The danger is that it's an asphyxiant --- like most other gases. Otherwise it is inert, which is why it is used. Inhaling a small quantity such as from a dose of an inhaler would not be harmful.


Like when my phone would only turn on after I put it in the freezer. Eventually that stopped working too. I miss that phone. I loved that phone. I still have it. Can't seem to let it go.


I had an electronic module that worked in our lab, but failed at the customers, but then worked again in ours.
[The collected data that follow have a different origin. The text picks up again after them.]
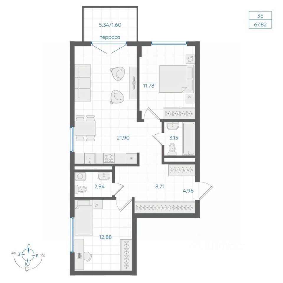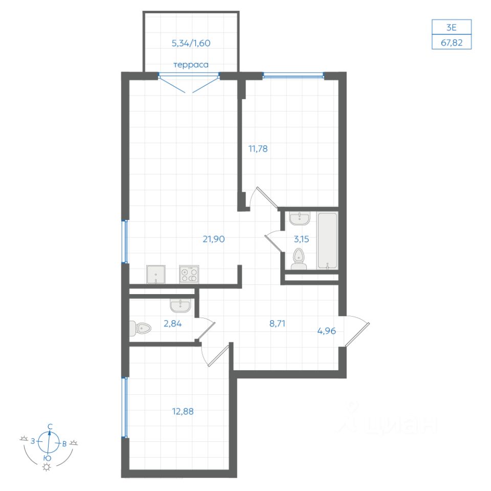 Общая площадь67,82 м²
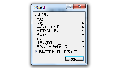 步骤三:然后在word文档中,会弹出字数统计的窗口,可以看到字数、页数、段落数、行数等更多详情了,查看过后点击关闭。
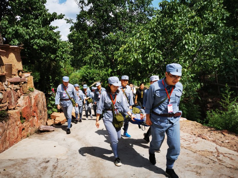 下午,大家在伤员转移任务中弘扬红色军医情怀,传承红色军医血脉。在宽嶂山红色文化室,追忆黄崖洞保卫战和宽嶂山资财保卫战的历史,缅怀八路军英勇作战的英雄事迹,追忆革命先辈的丰功伟绩。在庄重肃穆的宽嶂山革命烈士公墓,瞻仰烈士功绩,告慰烈士英魂,传承革命精神,激发责任担当。
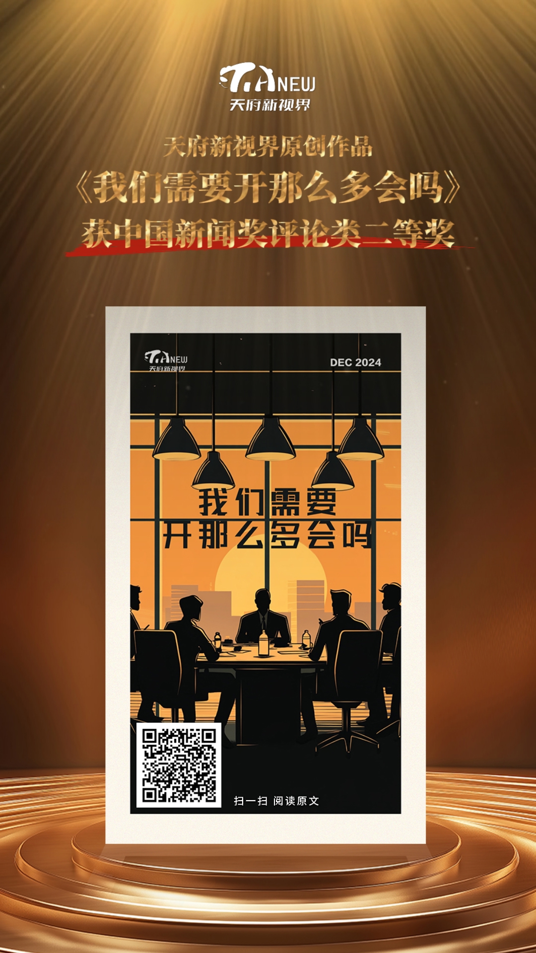 11月5日,由中华全国新闻工作者协会主办的第35届中国新闻奖评选结果揭晓。“天府新视界”微信公众号原创作品《我们需要开那么多会吗?》获得评论类二等奖。

Turns out one of the pins in a space grade connector (MDM-25) open-circuited exactly between 68F and 70F. Our lab was 70F, and the customers was 69F. The way we caught it was to be watching the temp chamber when it slowly ramped from cold to ambient.

Turns out the connector supplier had shifted production to Mexico, and they were contaminating the contacts with RTV when sealing it.


You have the skills to diagnose this sort of thing but I suspect that a mere Unix sysadmin (soz: "herder") doesn't.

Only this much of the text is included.